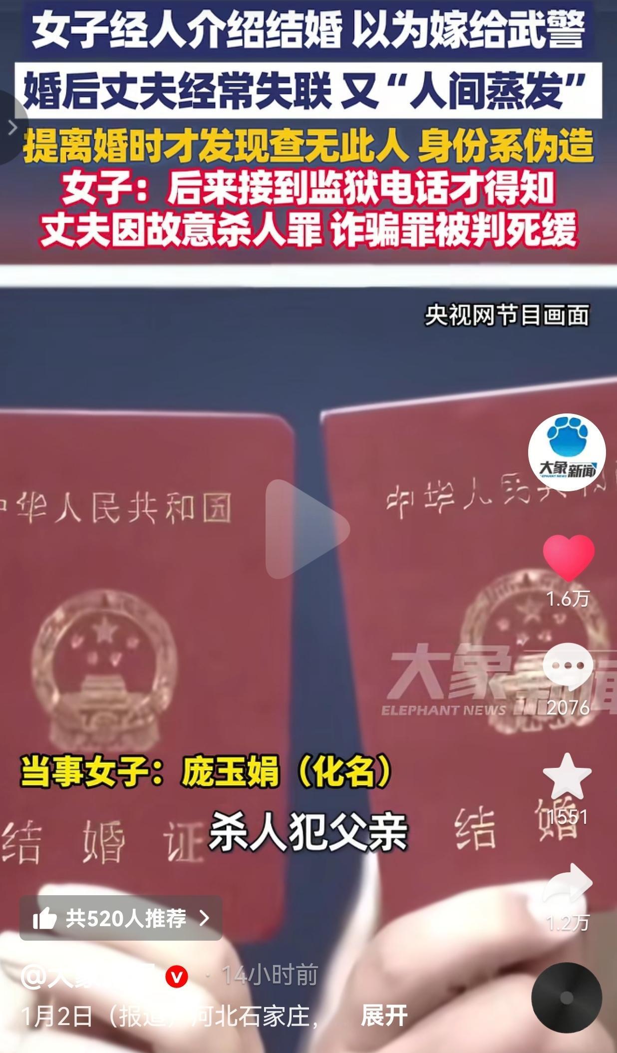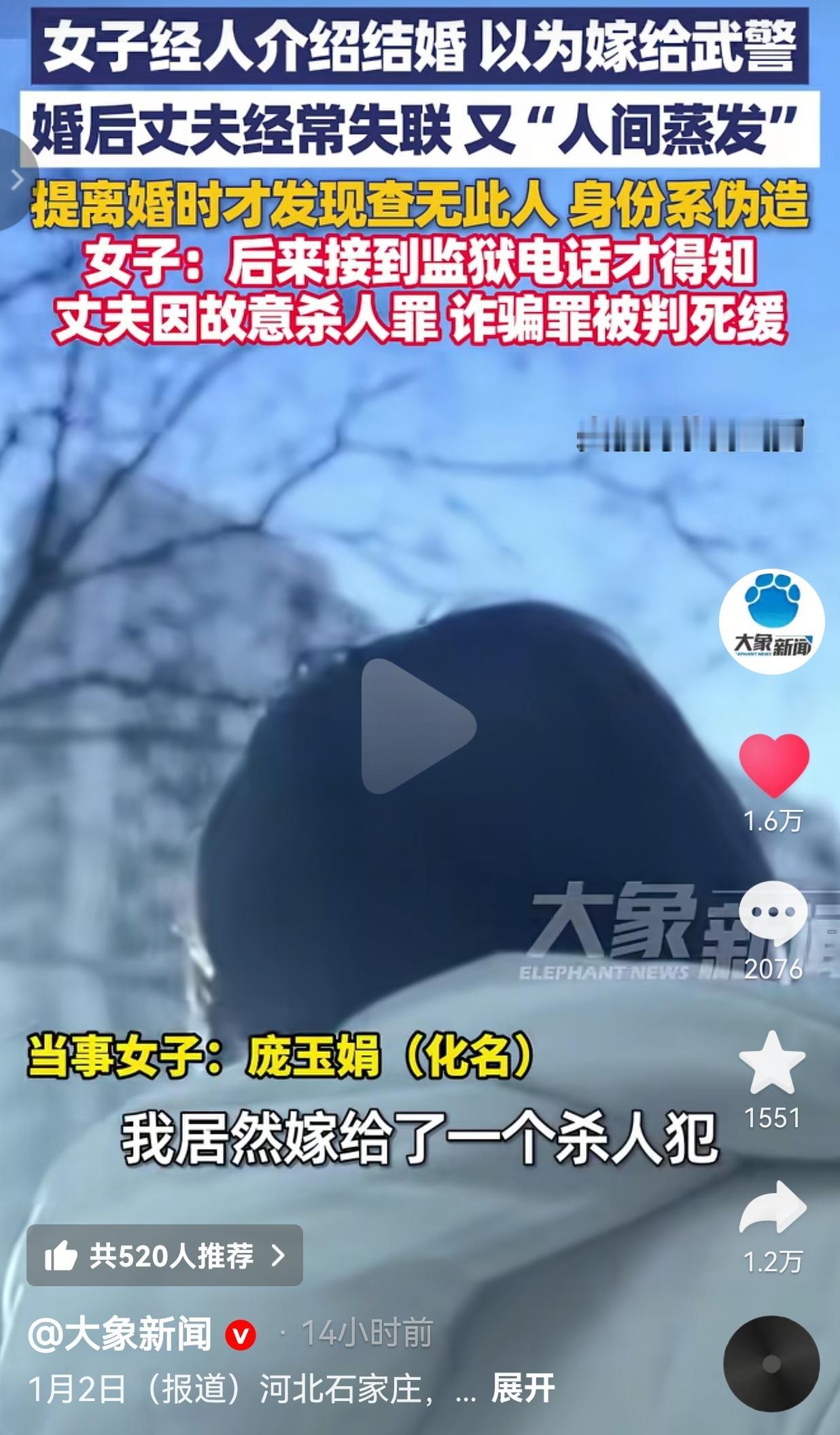 真的是离谱他妈给离谱他爸开门——离谱到家了!女子经人介绍结婚生子,以为嫁给了武警,没想到丈夫竟然是一个杀人犯。网友:结婚前一定要查清楚对方底细,这不是不信任对方,这是对自己负责! 河北石家庄,一女子名叫庞玉娟(化名),经人介绍嫁给了一名“武警上校”,本以为自己高攀了做梦也没有想到,对方竟然是个彻头彻尾的骗子。 2014年,庞玉娟经人介绍认识了“贾斌”。这人自称是武警上校,看着一身正气,庞玉娟没多琢磨,两人经过短暂的相处,没多久就和他领了证。 婚后的日子,丈夫怪得很。“贾斌”总说要去执行特殊任务,动不动就玩失联。 一开始只是偶尔不见人,后来失踪的次数越来越多,最后干脆从她的生活里彻底消失了。 这一等就是六年,到2020年,庞玉娟实在忍不了,提了离婚诉讼。 可法院查身份的时候,问题出现了,在全国户籍系统里,压根就没有“贾斌”这个人,他的武警上校身份、所有个人信息,全是假的。 庞玉娟怎么都想不通这到底是怎么回事,直到2021年11月,监狱的电话打过来,她才知道真相:这个和自己朝夕相处的丈夫,早就因为故意杀人罪、诈骗罪被判了死刑缓期两年执行。更让她崩溃的是,自己的孩子,竟然有个杀人犯父亲。 还好后来检察机关出面监督协调,民政部门把她和“贾斌”的婚姻登记给撤销了。 虽然两人的婚姻关系结束了,可是这场糟心的婚姻背后,造成的伤害,怎么可能轻易抹平呢。 网友看到后评论说:“孩子太可怜了,有个杀人犯父亲,这阴影得跟一辈子吧!” 还有的网友说:“换我我也会信啊,谁能想到有人敢伪造武警身份!” 这事听着跟电视剧情节一样,却是真真切切发生的。生活里太多人结婚只看表面,觉得对方看着靠谱就够了,偏偏忘了婚姻里最该做的,是摸清对方的身份和底细。 婚姻不能靠赌,也不能无条件信任对方,别因为一时的信任,把自己往火坑里推。识人得擦亮眼睛,一辈子的大事,要查清楚对方的身份,这样在未来就少一分风险。 (信息来源:大象新闻)
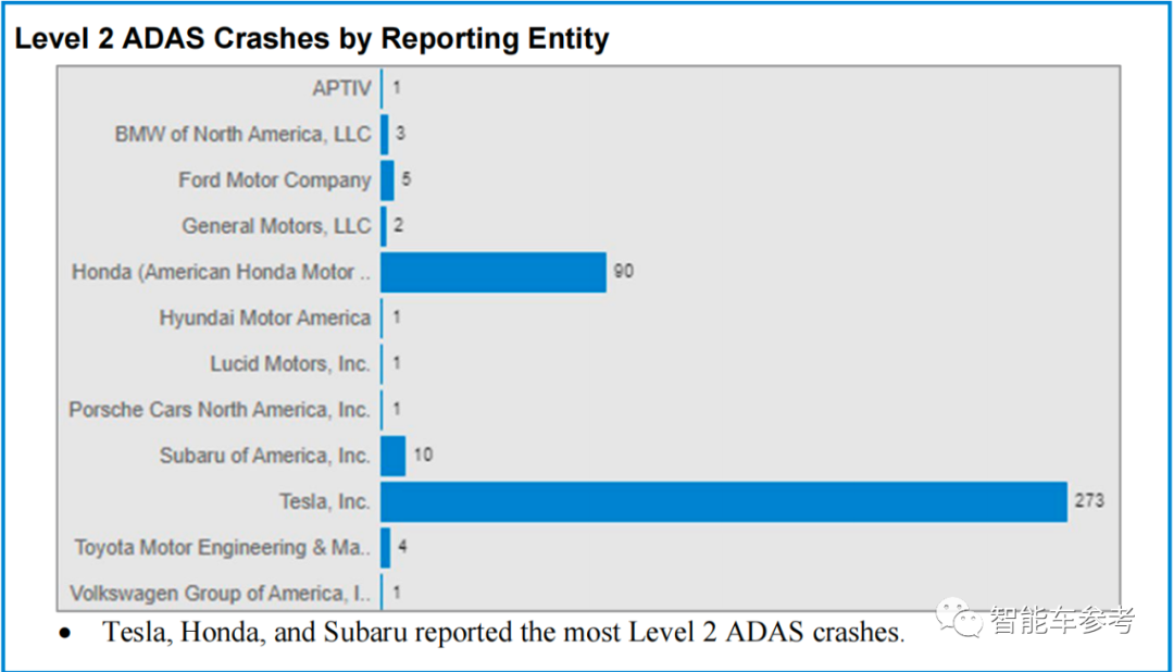 NHTSA把统计口径分成两个,一个是L2级方面,就是前面说过的特斯拉、本田和斯巴鲁等等,此外还有福特、丰田、宝马、通用、大众,但这几个碰撞次数都仅限个位数;
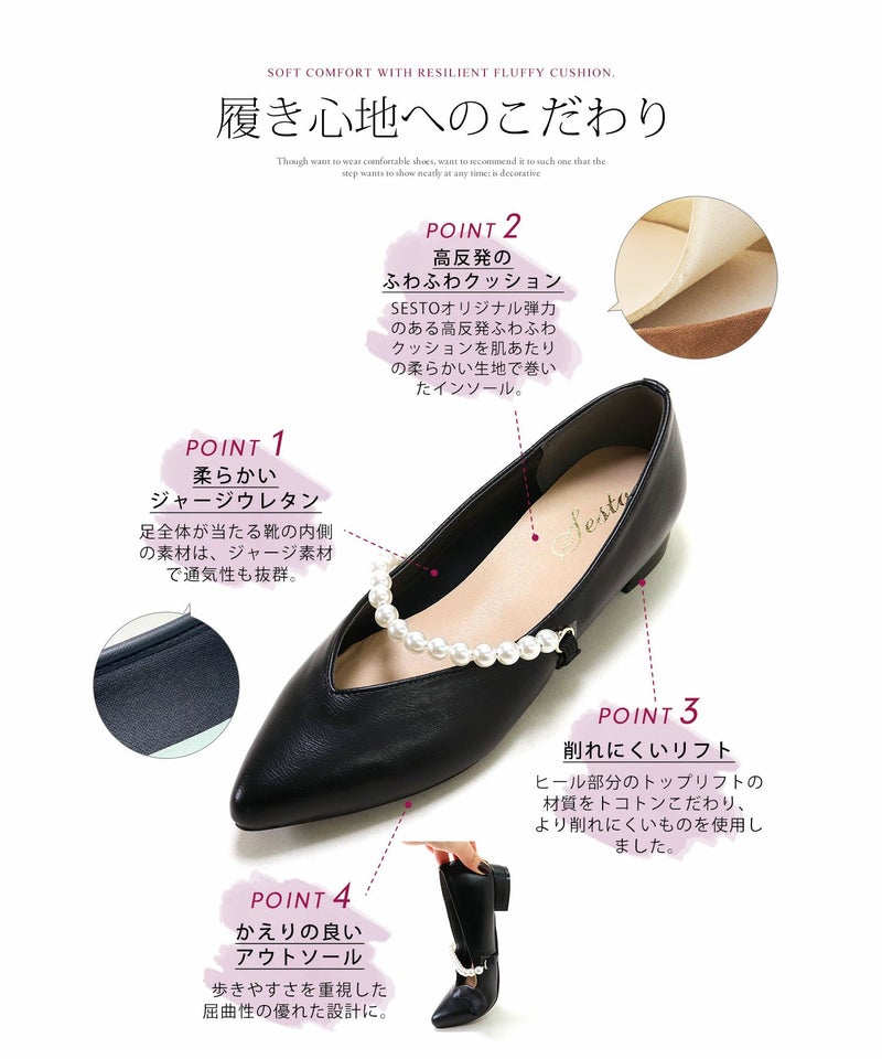 4. パールストラップのポインテッドトゥローヒールメリージェーンパンプス▲返品交換不可
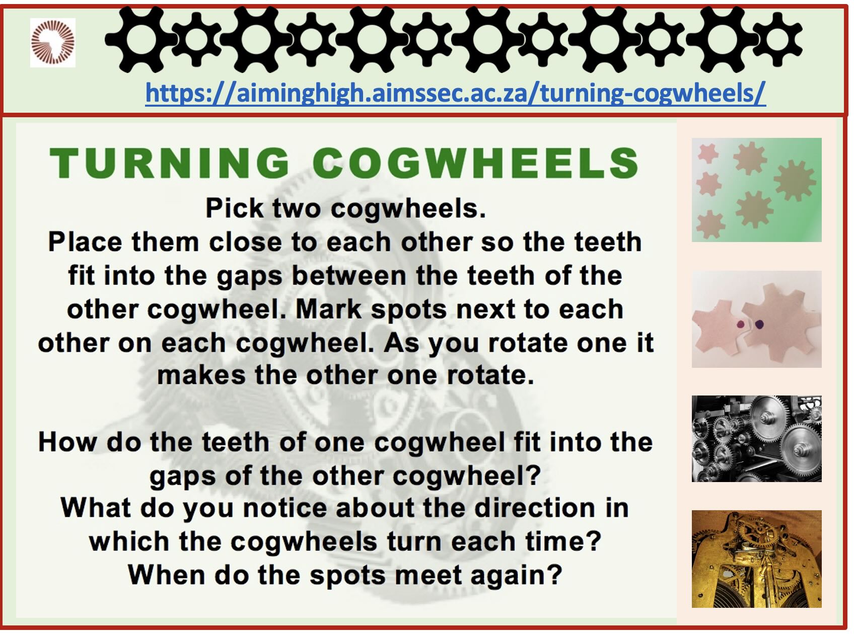 Now pick two cogwheels with 5 teeth and do the same again. What do you notice. Explain what happens.
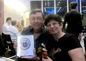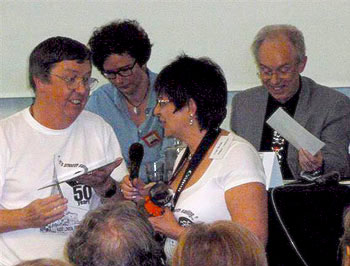 | Phil and Gill Martin We will be thinking of you on March 29th and raising a glass of unfermented grape juice at home to all our Offshore Radio friends and especially to you and Chris for the huge achievement that is your website. You richly deserved the award and Gill and I were truly thrilled with your win. As you know I hoped and believed you would be honoured. Well done. Do keep in touch. And lots of love from us both. |
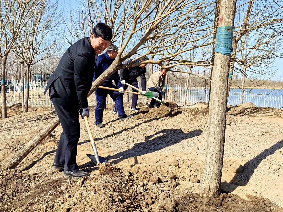 東湖風景區(qū)位于綠色生態(tài)屏障區(qū)內(nèi),風景區(qū)內(nèi)湖面蕩漾,林水相依,草長鶯飛,成為市民游憩休閑、親近自然的好去處。趙飛、賈堤、李春、李大勇、劉偉、崔洪金等來到這里,拿起鐵鍬來到植樹區(qū)域,揮鍬鏟土、培土圍堰、提桶澆水,種下北京欒、旱柳等苗木。新種下的樹木迎風挺立,一排排矗立在岸邊,枝條在春風的吹拂下輕輕搖曳,充滿勃勃生機。
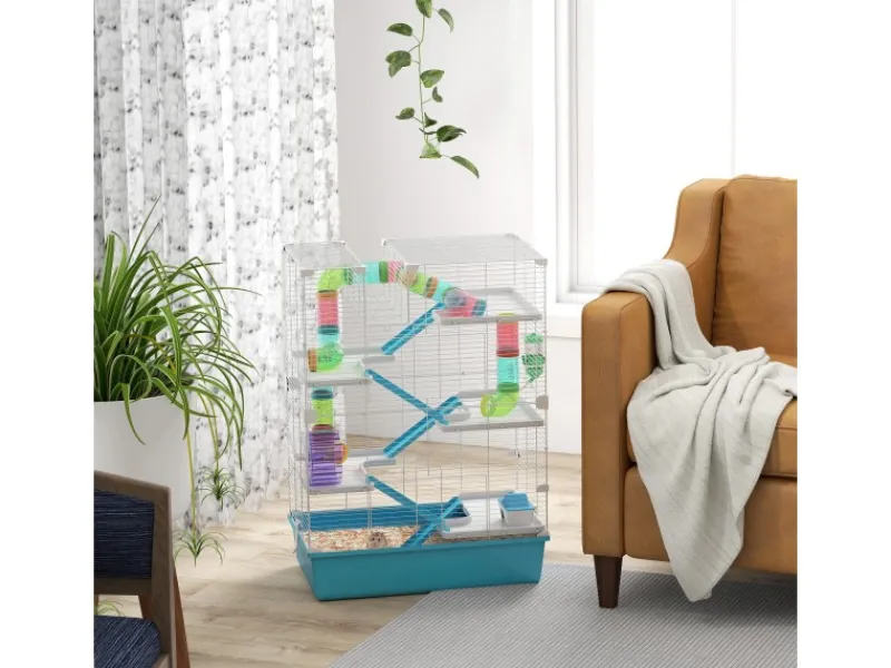 ● Sechsstöckiges Doppelturm-Design des Hamstergeheges mit bunten Erkundungsröhren
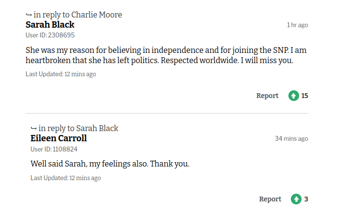 She said: "...I believed then that winning our country's independence was essential to Scotland reaching her full potential, and I still do.
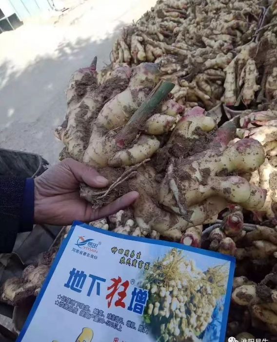 2019年10月14日,我們易生科技“地下狂”系列售后服務(wù)組來到我們正收獲大姜的種植戶家中,大姐家噴施了地下狂增5遍,噴施過地下狂增的大姜顏色金黃、姜指頭粗胖、塊頭大、姜絲多、密度大、耐儲(chǔ)存。從大姐臉上的笑容來看,對(duì)于今年的收成是真滿意!
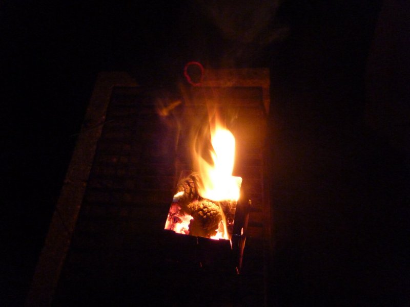そこらじゅうに落ちているマツボックリと枯れ木を拾い集め、ライターを持ってなかったのでバーナーで火をつけ、ストーブに放り込む。
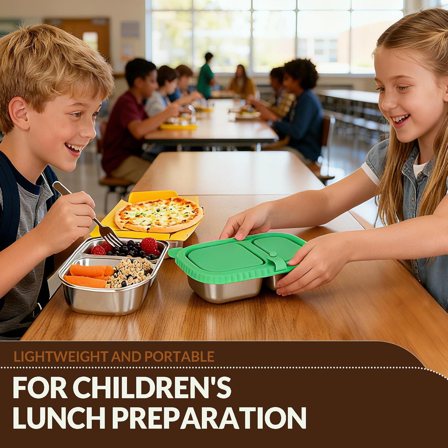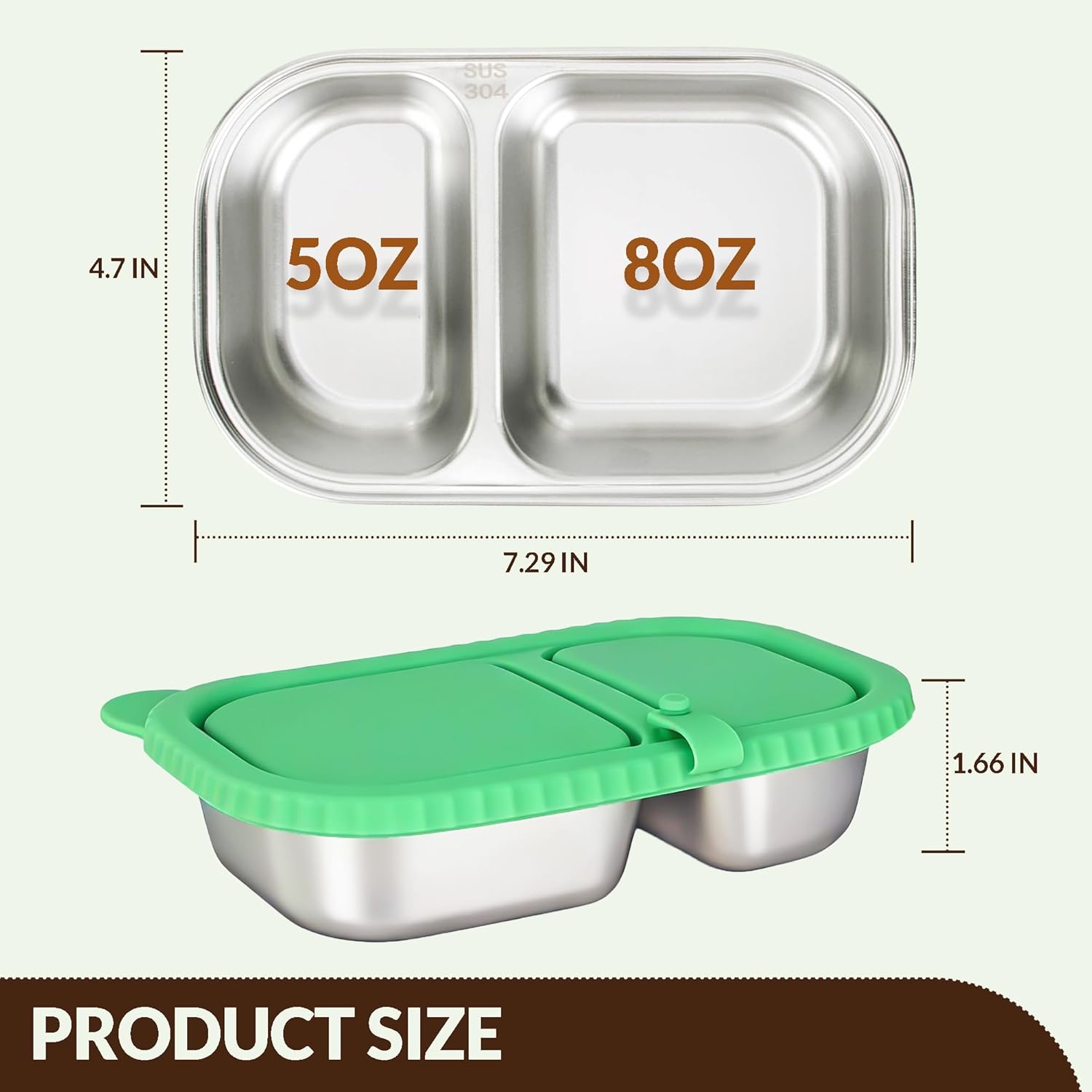 HI-REEKE 13 OZ Stainless Steel Snack Containers with Lids, 4 PCS Reusable Double Compartments Metal Snack Packs for Sauce
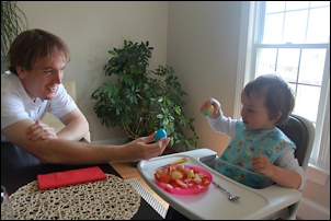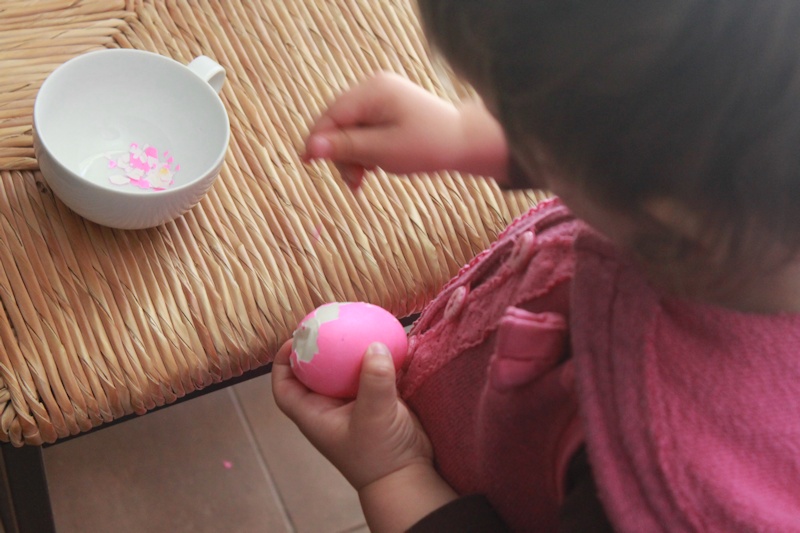 A few weeks ago with Easter, we colored eggs. Nora really enjoyed peeling the eggs, one tiny piece of shell at the time. She is so patient.
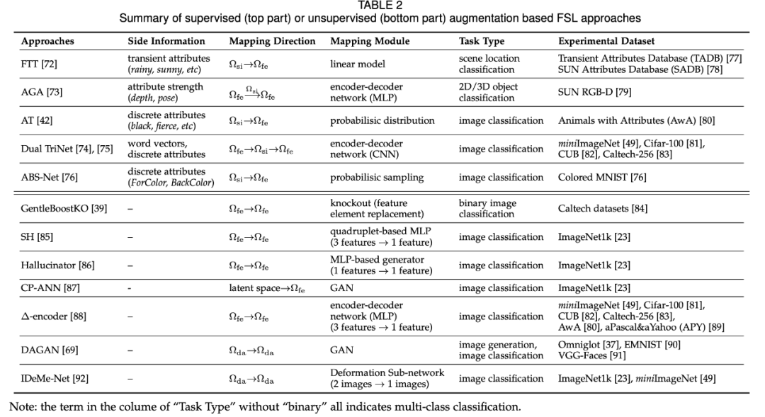 下表 1 总结了第一类 FSL 方法——基于生成模型的 FSL 方法:
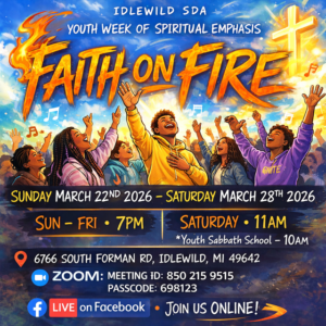 Young people, Faith on Fire is for you, it is a week of spiritual renewal lead by young people nightly beginning Sunday, March 22 at 7 pm with a finale Saturday morning at 11 am plus a Youth Sabbath School at 10 am. It hosted by the Idlewild Seventh-day Adventist Church. Join us by streaming on the Idlewild Church’s Facebook page or Zoom at meeting 850 215 9515 passcode 698123. The final day, March 28th, we will host an in-person option at the church, just east of Baldwin at 6766 South Forman Road.

-----

Reproduce the data above exactly, but only the lines from the one showing "from us both. |" through the one showing "I still do.", with both ends kept and the pictures left out.

 | Phil and Gill Martin We will be thinking of you on March 29th and raising a glass of unfermented grape juice at home to all our Offshore Radio friends and especially to you and Chris for the huge achievement that is your website. You richly deserved the award and Gill and I were truly thrilled with your win. As you know I hoped and believed you would be honoured. Well done. Do keep in touch. And lots of love from us both. |
 東湖風景區(qū)位于綠色生態(tài)屏障區(qū)內(nèi),風景區(qū)內(nèi)湖面蕩漾,林水相依,草長鶯飛,成為市民游憩休閑、親近自然的好去處。趙飛、賈堤、李春、李大勇、劉偉、崔洪金等來到這里,拿起鐵鍬來到植樹區(qū)域,揮鍬鏟土、培土圍堰、提桶澆水,種下北京欒、旱柳等苗木。新種下的樹木迎風挺立,一排排矗立在岸邊,枝條在春風的吹拂下輕輕搖曳,充滿勃勃生機。
 ● Sechsstöckiges Doppelturm-Design des Hamstergeheges mit bunten Erkundungsröhren
 She said: "...I believed then that winning our country's independence was essential to Scotland reaching her full potential, and I still do.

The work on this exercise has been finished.